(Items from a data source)
____

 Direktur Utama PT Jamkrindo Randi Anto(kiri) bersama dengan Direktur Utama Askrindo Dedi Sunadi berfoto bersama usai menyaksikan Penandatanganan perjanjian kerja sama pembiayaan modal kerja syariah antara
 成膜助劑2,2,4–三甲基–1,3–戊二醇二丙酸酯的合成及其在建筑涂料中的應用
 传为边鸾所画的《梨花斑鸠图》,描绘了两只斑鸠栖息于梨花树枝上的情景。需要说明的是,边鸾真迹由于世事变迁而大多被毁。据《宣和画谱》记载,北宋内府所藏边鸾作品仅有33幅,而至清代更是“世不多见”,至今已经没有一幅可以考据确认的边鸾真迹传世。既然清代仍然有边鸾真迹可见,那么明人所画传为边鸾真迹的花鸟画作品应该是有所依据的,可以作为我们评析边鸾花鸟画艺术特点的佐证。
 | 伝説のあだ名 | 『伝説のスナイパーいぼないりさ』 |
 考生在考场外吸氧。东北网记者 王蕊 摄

____

Task details: The answer must be the data above, repeated exactly as it stands.

Written solution:
 Direktur Utama PT Jamkrindo Randi Anto(kiri) bersama dengan Direktur Utama Askrindo Dedi Sunadi berfoto bersama usai menyaksikan Penandatanganan perjanjian kerja sama pembiayaan modal kerja syariah antara
 成膜助劑2,2,4–三甲基–1,3–戊二醇二丙酸酯的合成及其在建筑涂料中的應用
 传为边鸾所画的《梨花斑鸠图》,描绘了两只斑鸠栖息于梨花树枝上的情景。需要说明的是,边鸾真迹由于世事变迁而大多被毁。据《宣和画谱》记载,北宋内府所藏边鸾作品仅有33幅,而至清代更是“世不多见”,至今已经没有一幅可以考据确认的边鸾真迹传世。既然清代仍然有边鸾真迹可见,那么明人所画传为边鸾真迹的花鸟画作品应该是有所依据的,可以作为我们评析边鸾花鸟画艺术特点的佐证。
 | 伝説のあだ名 | 『伝説のスナイパーいぼないりさ』 |
 考生在考场外吸氧。东北网记者 王蕊 摄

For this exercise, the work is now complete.